- _What to produce_
Count every line below that holds the word "were", and give the number with no other words.

Items listed in a dataset

++++

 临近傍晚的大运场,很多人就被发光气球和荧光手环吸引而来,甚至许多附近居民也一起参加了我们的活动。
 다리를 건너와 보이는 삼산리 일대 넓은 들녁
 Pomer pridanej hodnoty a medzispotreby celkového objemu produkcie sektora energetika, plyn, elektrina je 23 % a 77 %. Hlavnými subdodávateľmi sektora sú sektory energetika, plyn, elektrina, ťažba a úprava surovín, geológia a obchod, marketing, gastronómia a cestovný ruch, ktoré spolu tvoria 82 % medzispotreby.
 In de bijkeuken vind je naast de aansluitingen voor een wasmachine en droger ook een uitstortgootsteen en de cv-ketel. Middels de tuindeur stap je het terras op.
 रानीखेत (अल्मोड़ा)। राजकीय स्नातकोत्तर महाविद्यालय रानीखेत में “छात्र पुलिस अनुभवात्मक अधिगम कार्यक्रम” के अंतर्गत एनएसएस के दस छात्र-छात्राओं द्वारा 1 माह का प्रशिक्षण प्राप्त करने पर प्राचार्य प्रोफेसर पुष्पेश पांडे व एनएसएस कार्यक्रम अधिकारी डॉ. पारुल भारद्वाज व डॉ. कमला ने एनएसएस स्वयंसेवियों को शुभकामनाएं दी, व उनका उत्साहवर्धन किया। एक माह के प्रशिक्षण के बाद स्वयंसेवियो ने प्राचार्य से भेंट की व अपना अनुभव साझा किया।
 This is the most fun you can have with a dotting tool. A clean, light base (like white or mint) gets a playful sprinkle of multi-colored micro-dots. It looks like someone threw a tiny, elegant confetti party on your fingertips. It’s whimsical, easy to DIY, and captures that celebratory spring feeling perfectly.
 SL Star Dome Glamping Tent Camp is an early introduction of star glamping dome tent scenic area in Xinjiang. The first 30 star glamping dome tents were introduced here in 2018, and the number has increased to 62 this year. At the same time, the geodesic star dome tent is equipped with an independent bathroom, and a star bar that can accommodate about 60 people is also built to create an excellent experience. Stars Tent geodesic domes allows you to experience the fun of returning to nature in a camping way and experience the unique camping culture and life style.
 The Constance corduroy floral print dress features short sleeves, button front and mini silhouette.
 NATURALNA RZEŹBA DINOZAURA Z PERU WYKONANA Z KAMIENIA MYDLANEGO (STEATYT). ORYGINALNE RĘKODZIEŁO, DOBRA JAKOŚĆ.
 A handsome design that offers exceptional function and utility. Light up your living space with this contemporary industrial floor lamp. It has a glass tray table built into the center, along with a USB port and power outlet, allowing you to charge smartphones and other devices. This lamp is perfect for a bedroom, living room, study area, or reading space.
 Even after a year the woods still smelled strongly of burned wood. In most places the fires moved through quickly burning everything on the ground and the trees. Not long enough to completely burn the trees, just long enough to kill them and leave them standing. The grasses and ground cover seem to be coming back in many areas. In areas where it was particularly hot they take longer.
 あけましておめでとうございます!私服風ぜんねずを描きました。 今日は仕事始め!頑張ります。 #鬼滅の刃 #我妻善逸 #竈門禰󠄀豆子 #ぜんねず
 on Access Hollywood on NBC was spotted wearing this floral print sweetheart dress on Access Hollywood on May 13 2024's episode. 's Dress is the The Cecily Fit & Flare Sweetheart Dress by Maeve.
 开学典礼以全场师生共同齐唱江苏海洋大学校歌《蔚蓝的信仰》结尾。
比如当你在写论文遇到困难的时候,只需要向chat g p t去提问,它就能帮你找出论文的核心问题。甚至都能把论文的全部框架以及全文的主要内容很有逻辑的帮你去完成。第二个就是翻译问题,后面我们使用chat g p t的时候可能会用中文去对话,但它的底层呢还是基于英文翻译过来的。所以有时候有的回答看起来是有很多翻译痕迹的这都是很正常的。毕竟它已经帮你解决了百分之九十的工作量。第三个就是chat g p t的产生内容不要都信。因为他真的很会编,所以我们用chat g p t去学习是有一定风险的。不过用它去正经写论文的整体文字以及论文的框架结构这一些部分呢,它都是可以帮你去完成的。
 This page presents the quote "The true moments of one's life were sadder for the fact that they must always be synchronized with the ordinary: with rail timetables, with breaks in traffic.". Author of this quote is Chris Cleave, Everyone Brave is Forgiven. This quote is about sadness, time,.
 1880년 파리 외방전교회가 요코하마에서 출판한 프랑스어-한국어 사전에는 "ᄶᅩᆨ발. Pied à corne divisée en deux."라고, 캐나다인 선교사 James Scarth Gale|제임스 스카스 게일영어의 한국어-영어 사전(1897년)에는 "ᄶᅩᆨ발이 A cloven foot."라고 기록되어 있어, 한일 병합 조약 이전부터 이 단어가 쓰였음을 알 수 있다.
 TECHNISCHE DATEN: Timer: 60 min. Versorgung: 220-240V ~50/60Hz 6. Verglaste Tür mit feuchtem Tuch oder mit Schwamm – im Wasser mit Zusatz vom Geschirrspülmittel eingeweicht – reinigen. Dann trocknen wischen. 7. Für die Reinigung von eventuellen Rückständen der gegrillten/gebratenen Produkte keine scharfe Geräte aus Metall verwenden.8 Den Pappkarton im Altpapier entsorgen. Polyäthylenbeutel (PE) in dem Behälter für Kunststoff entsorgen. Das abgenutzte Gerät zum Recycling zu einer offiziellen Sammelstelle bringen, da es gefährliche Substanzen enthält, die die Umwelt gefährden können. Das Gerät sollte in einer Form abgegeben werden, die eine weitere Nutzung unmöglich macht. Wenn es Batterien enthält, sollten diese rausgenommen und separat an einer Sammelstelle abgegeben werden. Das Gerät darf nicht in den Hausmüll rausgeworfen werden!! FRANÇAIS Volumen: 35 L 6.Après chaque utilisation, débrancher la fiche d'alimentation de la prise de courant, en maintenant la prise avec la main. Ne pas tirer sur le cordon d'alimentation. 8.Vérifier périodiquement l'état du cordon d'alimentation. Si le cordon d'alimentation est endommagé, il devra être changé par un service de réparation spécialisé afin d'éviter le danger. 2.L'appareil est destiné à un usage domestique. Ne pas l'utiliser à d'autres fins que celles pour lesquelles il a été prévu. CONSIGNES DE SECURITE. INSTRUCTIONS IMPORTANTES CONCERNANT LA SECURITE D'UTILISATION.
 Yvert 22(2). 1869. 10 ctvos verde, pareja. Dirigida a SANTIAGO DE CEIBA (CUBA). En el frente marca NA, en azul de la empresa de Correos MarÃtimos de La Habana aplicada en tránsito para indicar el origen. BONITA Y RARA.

++++

- _Answer section_
2